- **RAW DATA**:
▬▬▬▬▬▬
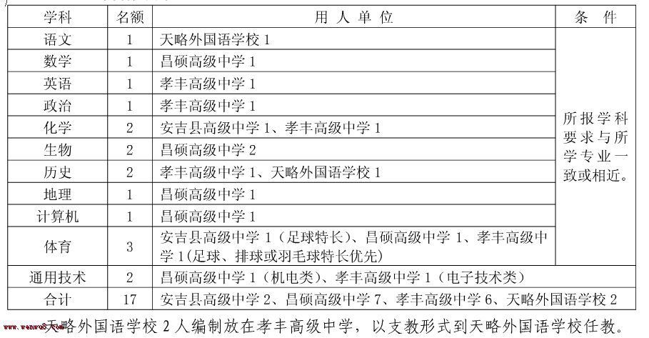 3、招聘工作接受縣監(jiān)察局監(jiān)督。畢業(yè)生可登陸安吉教育網(wǎng)(www.ajedu.com)或安吉人才網(wǎng)(www.ajrsrc.com)查詢。咨詢電話:安吉縣高級(jí)中學(xué):0572-5306009(陳老師);昌碩高級(jí)中學(xué):0572-5228888(謝老師);孝豐高級(jí)中學(xué):0572-5051235(陳老師);天略外國語學(xué)校:0572-5230333(顏老師);安吉縣教育局組織人事科:0572-5123434(黃老師);安吉縣人力資源和社會(huì)保障局人力資源開發(fā)管理科:0572-5123457。
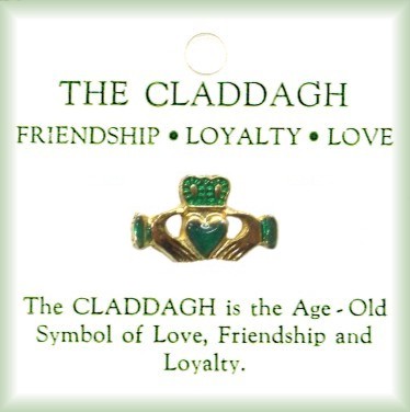 Irish Claddagh lapel or hat pin in gold plate & Irish green. Each pin Measures: 1/2 x 1/4 inch. Shipped on 2.5 inch Claddagh rack cards in 1 dozen pack. (Price: $1.25 each). Proudly MADE IN USA
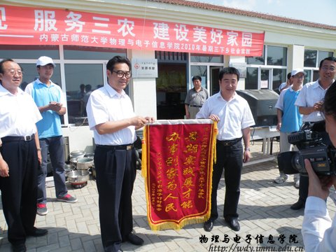 我院以“贯彻科学发展观,服务三农,建设美好家园”为主题的“三下乡”社会实践从7月11日开始,先后到集宁区白海子镇、马莲渠乡开展活动。为当地村民普及用电常识,宣讲家电维护和保养知识,并为村民义务维修家电、放电影等。 7月14号上午,志愿者们看望了白海子镇老党员乔吉贵和低保户杜枝梅两家,并带去牛奶和西瓜等物品。活动期间,服务队共收到损坏的电视机、电冰箱、洗衣机、电饭煲、鼓风机等家电共300余件,修好230多件。白海子镇村民孙大爷竖起大拇指夸赞志愿者队员们说:“娃娃们真厉害。”20日上午,白海子镇党委书记代表全体村民为服务队送来写着“暑期实践展才能、办事到家为人民”锦旗,马莲渠乡三成局村民高大爷也送来感谢信感谢志愿者们的周到服务。
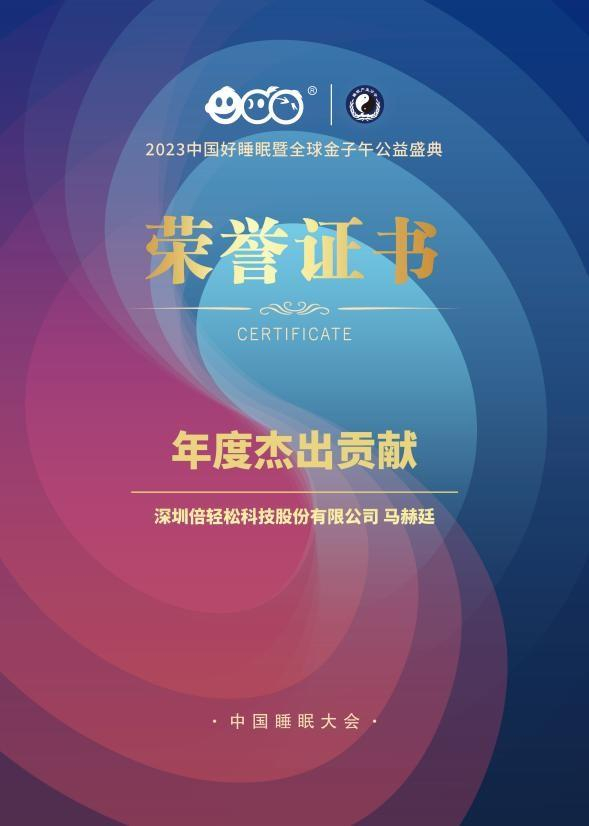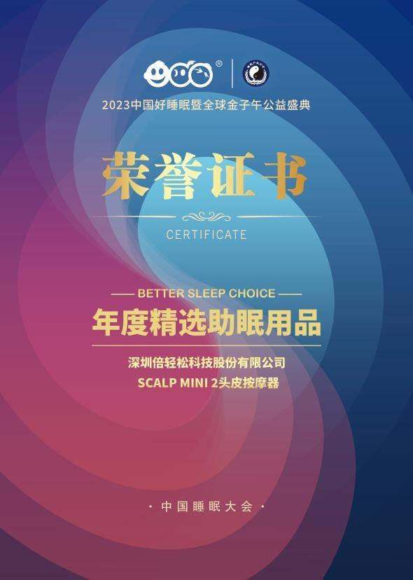 值得一提的是,在此次中国睡眠大会暨第五届全国知晓健康睡眠周上,大会主办方还颁发了2023中国好睡眠暨全球金子午公益榜单,倍轻松Scalp mini 2头皮按摩器荣获了《Better Sleep Choice年度精选助眠用品》,倍轻松董事长马赫廷荣获《年度杰出贡献》奖项,侧面体现出倍轻松以中医科技解决大众睡眠问题的实践获得了多方认可。
▬▬▬▬▬▬
Copy all the data exactly as written, but skip any picture.

 3、招聘工作接受縣監(jiān)察局監(jiān)督。畢業(yè)生可登陸安吉教育網(wǎng)(www.ajedu.com)或安吉人才網(wǎng)(www.ajrsrc.com)查詢。咨詢電話:安吉縣高級(jí)中學(xué):0572-5306009(陳老師);昌碩高級(jí)中學(xué):0572-5228888(謝老師);孝豐高級(jí)中學(xué):0572-5051235(陳老師);天略外國語學(xué)校:0572-5230333(顏老師);安吉縣教育局組織人事科:0572-5123434(黃老師);安吉縣人力資源和社會(huì)保障局人力資源開發(fā)管理科:0572-5123457。
 Irish Claddagh lapel or hat pin in gold plate & Irish green. Each pin Measures: 1/2 x 1/4 inch. Shipped on 2.5 inch Claddagh rack cards in 1 dozen pack. (Price: $1.25 each). Proudly MADE IN USA
 我院以“贯彻科学发展观,服务三农,建设美好家园”为主题的“三下乡”社会实践从7月11日开始,先后到集宁区白海子镇、马莲渠乡开展活动。为当地村民普及用电常识,宣讲家电维护和保养知识,并为村民义务维修家电、放电影等。 7月14号上午,志愿者们看望了白海子镇老党员乔吉贵和低保户杜枝梅两家,并带去牛奶和西瓜等物品。活动期间,服务队共收到损坏的电视机、电冰箱、洗衣机、电饭煲、鼓风机等家电共300余件,修好230多件。白海子镇村民孙大爷竖起大拇指夸赞志愿者队员们说:“娃娃们真厉害。”20日上午,白海子镇党委书记代表全体村民为服务队送来写着“暑期实践展才能、办事到家为人民”锦旗,马莲渠乡三成局村民高大爷也送来感谢信感谢志愿者们的周到服务。
 值得一提的是,在此次中国睡眠大会暨第五届全国知晓健康睡眠周上,大会主办方还颁发了2023中国好睡眠暨全球金子午公益榜单,倍轻松Scalp mini 2头皮按摩器荣获了《Better Sleep Choice年度精选助眠用品》,倍轻松董事长马赫廷荣获《年度杰出贡献》奖项,侧面体现出倍轻松以中医科技解决大众睡眠问题的实践获得了多方认可。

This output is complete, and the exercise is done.